壁の向こうからのくぐもった悲鳴があったから、そっちの部屋じゃ無いことはわかったが、もし何もなくて、本来の待機部屋の扉が本棚で塞がっていたなら、例の隠し部屋の方を元々の待機部屋と勘違いしてしまうだろう。
そうなれば、予め室内にいた黒マント達が一気に襲いかかり、乱戦に持ち込んでリアンだけを奪う。そうして例の一本道の通路から隠し出口で脱出。

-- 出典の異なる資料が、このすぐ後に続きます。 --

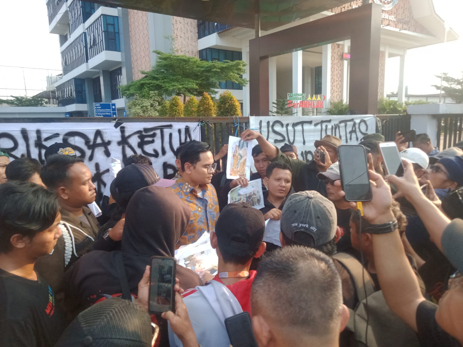 Puluhan demonstran yang tergabung dalam berbagai elemen masyarakat sipil, terdiri dari aktivis mahasiswa dan Lembaga Swadaya Masyarakat (LSM), menggelar aksi unjuk rasa di halaman Kantor Kejaksaan Negeri (Kejari) Kota Bekasi, menuntut penuntasan kasus dugaan penyimpangan anggaran dalam proyek pengadaan alat olahraga di Dinas Pemuda dan Olahraga (Dispora) Kota Bekasi untuk tahun anggaran 2023.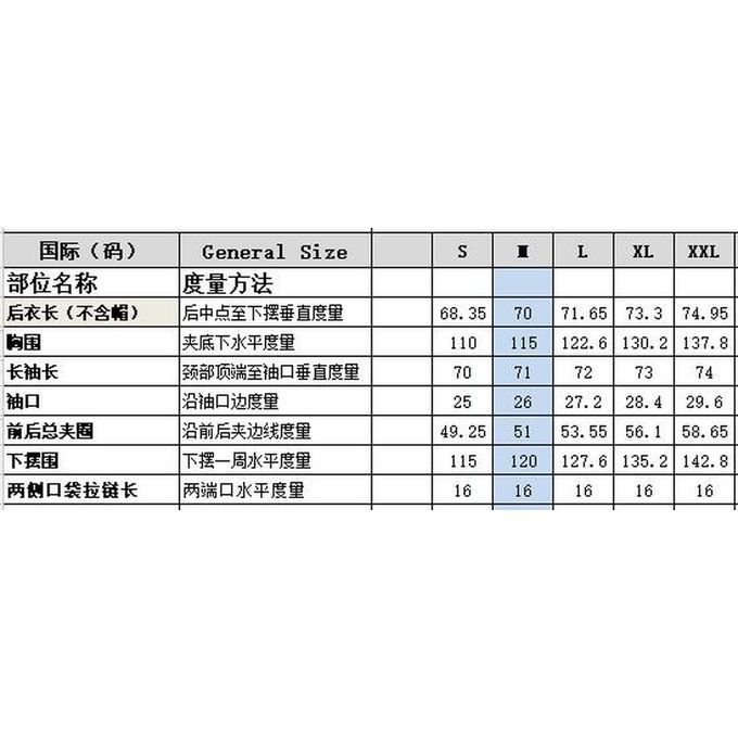 XXL: Shoulder:48cm/18.9"---Sleeve:60cm/23.6"---Chest:134cm/52.8"---Front Length:70cm/27.6"---Back Medium Length:68cm/26.8"

追いかけようにもあの細い通路であれだけの罠だ。黒マント共もいる。
この『推定』が実際なら、防ぎきれたかどうか……
「アイツらぁッ! 許さんのだなー!」
「嗚呼、それには同意しよう。だが、ヤツ、シクルドは実際にはリアン嬢ではなくサファナ判事を襲った…………これはやはり……この前の戦いでアシュレイに自身の罠を見破られた怨み、か」
そう、ユリウスの言う通り、あの貧民窟での戦いでヤツは……主命に背いてまで……
“貴様が大切にしているモノ、それを壊してやる!”
ダンッ
思わず、拳を机に叩きつけていた。
そして、レイチェルには深い心の傷が……俺のせいで!!
だからこそ、俺は昨日、バル達にお願いをしたのだ。
『刻戻り』でシクルドの襲撃を今度こそ防ぐ為に!
「これで良いのかなー、アシュ氏?」
バルが渡してきたフード付きの黒マントに着替えてみる。
ヤツらが着ているのとほとんど同じで更にはマントを広げるとまるで大鷲が翼を広げた様に辺りを覆った。
これでフードをかぶると、ムササビみたいだな、これ。
うん、これなら使えそうだ。
「そして、コレだな、アシュレイ」
ユリウスが細かく文字が書き込まれたメモを手渡す。
そこに書かれていたのは例の袋小路の通路に仕掛けられていた数々の罠の説明とその場所。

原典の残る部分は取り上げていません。